The RIA Novosti news agency cited a mission control source who said the sudden dismissal of Ivanov was not connected to the technical problem that forced the Soyuz’s crew to spend an extra two days in orbit before docking with the station.
The report gave no further explanation for the sacking.
Skvortsov was first to open the hatch into the ISS at about 7am Moscow time, hugging the crew members already on board and grinning broadly.
“That was fun... It’s a lot more spacious in here,” Skvortsov said in a video link-up from the ISS.
The trio were originally meant to dock early on Wednesday, just six hours after launch from Kazakhstan, but their Soyuz spacecraft suffered a technical glitch on its approach.
The spacecraft had to orbit the Earth 34 times before its rendezvous with the space laboratory, instead of the fast-track route of four orbits originally planned.
“It was a long two days, but we made it.
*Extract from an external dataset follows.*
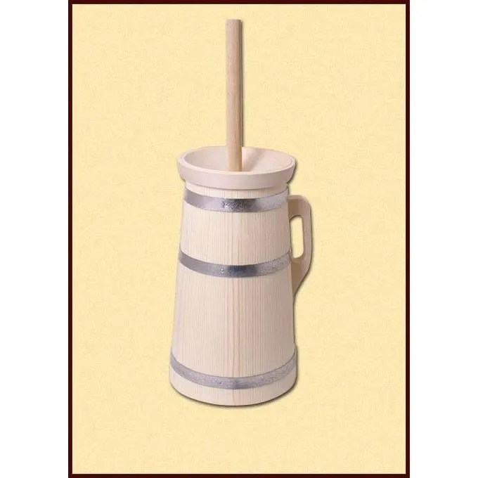 Har du altid ønsket at kværne dit eget smør? Dette er din chance! Denne smør tønde er lavet af massivt gran træ og har tre små hoops af bandet stål. Låget kan fjernes.

Glad to be here,” Swanson said on a video link-up from the ISS.
The problem started once their Soyuz capsule was already in orbit and a thruster failed to fire.
US space agency NASA said in a statement that the Soyuz spacecraft “was unable to complete its third thruster burn to fine-tune its approach” to the ISS.
The Soyuz capsule instead was forced to make three manoeuvers in orbit to bring it on the correct trajectory.
The head of the Russian state firm Energia, which made the Soyuz rocket that propels the craft into space, said on Wednesday that the origin of the problem was not yet clear.
Vitaly Lopota told the Interfax news agency the problem could have been due to a mathematical error in determining at what altitude the thruster should fire.
A commission has been formed to pinpoint the cause of the problem.
The flight director for the Russian section of the ISS, Vladimir Solovyov, vowed on Friday to stay on the fast-track route it began using last year.
“We will continue to work according to this scheme. You can’t scare us off with just this one thing,” he said, as quoted by the ITAR-TASS news agency.
Soyuz’s onboard computers may be updated, he said.